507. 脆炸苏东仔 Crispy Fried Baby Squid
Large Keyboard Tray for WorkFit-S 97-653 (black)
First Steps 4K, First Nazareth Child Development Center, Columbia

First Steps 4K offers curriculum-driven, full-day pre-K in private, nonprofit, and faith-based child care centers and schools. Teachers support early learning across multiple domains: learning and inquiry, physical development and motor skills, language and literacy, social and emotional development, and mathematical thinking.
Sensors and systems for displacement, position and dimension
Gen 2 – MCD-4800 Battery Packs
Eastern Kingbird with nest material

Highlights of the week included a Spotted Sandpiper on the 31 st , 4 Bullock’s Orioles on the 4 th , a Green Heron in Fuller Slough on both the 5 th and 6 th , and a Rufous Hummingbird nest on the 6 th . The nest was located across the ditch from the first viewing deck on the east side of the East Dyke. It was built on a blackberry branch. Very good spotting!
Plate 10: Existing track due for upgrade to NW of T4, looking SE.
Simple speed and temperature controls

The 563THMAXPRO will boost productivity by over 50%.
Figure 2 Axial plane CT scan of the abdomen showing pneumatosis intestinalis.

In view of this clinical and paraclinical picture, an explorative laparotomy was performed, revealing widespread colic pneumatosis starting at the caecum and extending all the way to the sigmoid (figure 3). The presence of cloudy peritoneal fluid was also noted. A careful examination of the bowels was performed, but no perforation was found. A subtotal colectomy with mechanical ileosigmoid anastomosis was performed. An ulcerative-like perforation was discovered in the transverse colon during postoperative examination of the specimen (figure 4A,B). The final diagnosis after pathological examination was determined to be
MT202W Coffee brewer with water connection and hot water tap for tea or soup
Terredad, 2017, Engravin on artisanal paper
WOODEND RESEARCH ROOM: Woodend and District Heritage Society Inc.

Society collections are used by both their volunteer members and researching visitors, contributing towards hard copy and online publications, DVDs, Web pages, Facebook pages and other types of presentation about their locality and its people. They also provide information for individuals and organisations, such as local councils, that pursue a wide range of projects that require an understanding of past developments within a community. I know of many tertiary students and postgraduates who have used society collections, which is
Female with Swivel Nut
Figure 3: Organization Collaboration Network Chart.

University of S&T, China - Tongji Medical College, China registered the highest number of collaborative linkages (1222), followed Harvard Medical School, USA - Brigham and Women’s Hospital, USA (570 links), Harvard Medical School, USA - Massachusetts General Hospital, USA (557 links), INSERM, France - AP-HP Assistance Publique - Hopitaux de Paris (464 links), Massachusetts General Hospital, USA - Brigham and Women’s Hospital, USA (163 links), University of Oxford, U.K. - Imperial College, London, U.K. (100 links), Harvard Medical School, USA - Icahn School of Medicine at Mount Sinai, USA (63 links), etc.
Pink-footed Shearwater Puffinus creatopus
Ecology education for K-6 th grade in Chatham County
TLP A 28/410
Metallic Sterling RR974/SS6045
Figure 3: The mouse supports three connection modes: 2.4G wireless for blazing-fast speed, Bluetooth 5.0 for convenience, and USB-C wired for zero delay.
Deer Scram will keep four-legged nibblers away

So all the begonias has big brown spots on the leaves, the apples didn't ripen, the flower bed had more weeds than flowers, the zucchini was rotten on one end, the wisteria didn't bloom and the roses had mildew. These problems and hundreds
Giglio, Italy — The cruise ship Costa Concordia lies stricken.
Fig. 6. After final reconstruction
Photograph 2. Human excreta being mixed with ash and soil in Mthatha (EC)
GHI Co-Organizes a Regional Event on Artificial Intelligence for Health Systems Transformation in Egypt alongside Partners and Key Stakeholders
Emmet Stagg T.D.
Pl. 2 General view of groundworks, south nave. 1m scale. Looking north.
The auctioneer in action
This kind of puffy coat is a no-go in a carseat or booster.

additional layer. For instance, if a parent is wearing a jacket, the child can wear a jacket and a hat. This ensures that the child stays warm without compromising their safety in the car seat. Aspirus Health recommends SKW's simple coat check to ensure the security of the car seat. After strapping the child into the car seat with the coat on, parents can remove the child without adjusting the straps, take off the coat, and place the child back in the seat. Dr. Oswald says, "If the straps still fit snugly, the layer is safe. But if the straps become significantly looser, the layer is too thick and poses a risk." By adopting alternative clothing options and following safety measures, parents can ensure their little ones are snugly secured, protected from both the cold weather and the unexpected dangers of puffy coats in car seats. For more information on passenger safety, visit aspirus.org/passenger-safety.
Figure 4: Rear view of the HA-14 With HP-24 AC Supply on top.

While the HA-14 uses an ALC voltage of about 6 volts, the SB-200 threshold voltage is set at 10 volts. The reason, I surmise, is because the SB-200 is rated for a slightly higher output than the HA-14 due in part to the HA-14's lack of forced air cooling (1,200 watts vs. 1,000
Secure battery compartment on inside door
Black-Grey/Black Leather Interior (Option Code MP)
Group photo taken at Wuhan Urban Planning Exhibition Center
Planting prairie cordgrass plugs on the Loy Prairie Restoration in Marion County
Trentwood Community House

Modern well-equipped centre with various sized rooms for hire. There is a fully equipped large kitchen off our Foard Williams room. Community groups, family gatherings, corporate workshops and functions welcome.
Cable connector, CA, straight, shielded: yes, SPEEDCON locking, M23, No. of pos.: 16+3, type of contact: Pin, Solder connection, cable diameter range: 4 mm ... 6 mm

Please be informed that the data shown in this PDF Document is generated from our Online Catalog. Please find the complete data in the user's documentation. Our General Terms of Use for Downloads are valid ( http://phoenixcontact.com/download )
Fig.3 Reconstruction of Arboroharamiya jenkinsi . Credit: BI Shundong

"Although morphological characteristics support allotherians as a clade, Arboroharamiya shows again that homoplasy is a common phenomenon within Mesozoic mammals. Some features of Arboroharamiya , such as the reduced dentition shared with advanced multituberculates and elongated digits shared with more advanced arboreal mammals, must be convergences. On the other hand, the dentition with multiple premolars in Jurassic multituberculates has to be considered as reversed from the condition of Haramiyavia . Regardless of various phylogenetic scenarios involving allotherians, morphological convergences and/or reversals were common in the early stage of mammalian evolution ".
-=-=-=-=-
Required work:
Write down every record shown above precisely.

Result of the task:
507. 脆炸苏东仔 Crispy Fried Baby Squid
Large Keyboard Tray for WorkFit-S 97-653 (black)
First Steps 4K, First Nazareth Child Development Center, Columbia

First Steps 4K offers curriculum-driven, full-day pre-K in private, nonprofit, and faith-based child care centers and schools. Teachers support early learning across multiple domains: learning and inquiry, physical development and motor skills, language and literacy, social and emotional development, and mathematical thinking.
Sensors and systems for displacement, position and dimension
Gen 2 – MCD-4800 Battery Packs
Eastern Kingbird with nest material

Highlights of the week included a Spotted Sandpiper on the 31 st , 4 Bullock’s Orioles on the 4 th , a Green Heron in Fuller Slough on both the 5 th and 6 th , and a Rufous Hummingbird nest on the 6 th . The nest was located across the ditch from the first viewing deck on the east side of the East Dyke. It was built on a blackberry branch. Very good spotting!
Plate 10: Existing track due for upgrade to NW of T4, looking SE.
Simple speed and temperature controls

The 563THMAXPRO will boost productivity by over 50%.
Figure 2 Axial plane CT scan of the abdomen showing pneumatosis intestinalis.

In view of this clinical and paraclinical picture, an explorative laparotomy was performed, revealing widespread colic pneumatosis starting at the caecum and extending all the way to the sigmoid (figure 3). The presence of cloudy peritoneal fluid was also noted. A careful examination of the bowels was performed, but no perforation was found. A subtotal colectomy with mechanical ileosigmoid anastomosis was performed. An ulcerative-like perforation was discovered in the transverse colon during postoperative examination of the specimen (figure 4A,B). The final diagnosis after pathological examination was determined to be
MT202W Coffee brewer with water connection and hot water tap for tea or soup
Terredad, 2017, Engravin on artisanal paper
WOODEND RESEARCH ROOM: Woodend and District Heritage Society Inc.

Society collections are used by both their volunteer members and researching visitors, contributing towards hard copy and online publications, DVDs, Web pages, Facebook pages and other types of presentation about their locality and its people. They also provide information for individuals and organisations, such as local councils, that pursue a wide range of projects that require an understanding of past developments within a community. I know of many tertiary students and postgraduates who have used society collections, which is
Female with Swivel Nut
Figure 3: Organization Collaboration Network Chart.

University of S&T, China - Tongji Medical College, China registered the highest number of collaborative linkages (1222), followed Harvard Medical School, USA - Brigham and Women’s Hospital, USA (570 links), Harvard Medical School, USA - Massachusetts General Hospital, USA (557 links), INSERM, France - AP-HP Assistance Publique - Hopitaux de Paris (464 links), Massachusetts General Hospital, USA - Brigham and Women’s Hospital, USA (163 links), University of Oxford, U.K. - Imperial College, London, U.K. (100 links), Harvard Medical School, USA - Icahn School of Medicine at Mount Sinai, USA (63 links), etc.
Pink-footed Shearwater Puffinus creatopus
Ecology education for K-6 th grade in Chatham County
TLP A 28/410
Metallic Sterling RR974/SS6045
Figure 3: The mouse supports three connection modes: 2.4G wireless for blazing-fast speed, Bluetooth 5.0 for convenience, and USB-C wired for zero delay.
Deer Scram will keep four-legged nibblers away

So all the begonias has big brown spots on the leaves, the apples didn't ripen, the flower bed had more weeds than flowers, the zucchini was rotten on one end, the wisteria didn't bloom and the roses had mildew. These problems and hundreds
Giglio, Italy — The cruise ship Costa Concordia lies stricken.
Fig. 6. After final reconstruction
Photograph 2. Human excreta being mixed with ash and soil in Mthatha (EC)
GHI Co-Organizes a Regional Event on Artificial Intelligence for Health Systems Transformation in Egypt alongside Partners and Key Stakeholders
Emmet Stagg T.D.
Pl. 2 General view of groundworks, south nave. 1m scale. Looking north.
The auctioneer in action
This kind of puffy coat is a no-go in a carseat or booster.

additional layer. For instance, if a parent is wearing a jacket, the child can wear a jacket and a hat. This ensures that the child stays warm without compromising their safety in the car seat. Aspirus Health recommends SKW's simple coat check to ensure the security of the car seat. After strapping the child into the car seat with the coat on, parents can remove the child without adjusting the straps, take off the coat, and place the child back in the seat. Dr. Oswald says, "If the straps still fit snugly, the layer is safe. But if the straps become significantly looser, the layer is too thick and poses a risk." By adopting alternative clothing options and following safety measures, parents can ensure their little ones are snugly secured, protected from both the cold weather and the unexpected dangers of puffy coats in car seats. For more information on passenger safety, visit aspirus.org/passenger-safety.
Figure 4: Rear view of the HA-14 With HP-24 AC Supply on top.

While the HA-14 uses an ALC voltage of about 6 volts, the SB-200 threshold voltage is set at 10 volts. The reason, I surmise, is because the SB-200 is rated for a slightly higher output than the HA-14 due in part to the HA-14's lack of forced air cooling (1,200 watts vs. 1,000
Secure battery compartment on inside door
Black-Grey/Black Leather Interior (Option Code MP)
Group photo taken at Wuhan Urban Planning Exhibition Center
Planting prairie cordgrass plugs on the Loy Prairie Restoration in Marion County
Trentwood Community House

Modern well-equipped centre with various sized rooms for hire. There is a fully equipped large kitchen off our Foard Williams room. Community groups, family gatherings, corporate workshops and functions welcome.
Cable connector, CA, straight, shielded: yes, SPEEDCON locking, M23, No. of pos.: 16+3, type of contact: Pin, Solder connection, cable diameter range: 4 mm ... 6 mm

Please be informed that the data shown in this PDF Document is generated from our Online Catalog. Please find the complete data in the user's documentation. Our General Terms of Use for Downloads are valid ( http://phoenixcontact.com/download )
Fig.3 Reconstruction of Arboroharamiya jenkinsi . Credit: BI Shundong

"Although morphological characteristics support allotherians as a clade, Arboroharamiya shows again that homoplasy is a common phenomenon within Mesozoic mammals. Some features of Arboroharamiya , such as the reduced dentition shared with advanced multituberculates and elongated digits shared with more advanced arboreal mammals, must be convergences. On the other hand, the dentition with multiple premolars in Jurassic multituberculates has to be considered as reversed from the condition of Haramiyavia . Regardless of various phylogenetic scenarios involving allotherians, morphological convergences and/or reversals were common in the early stage of mammalian evolution ".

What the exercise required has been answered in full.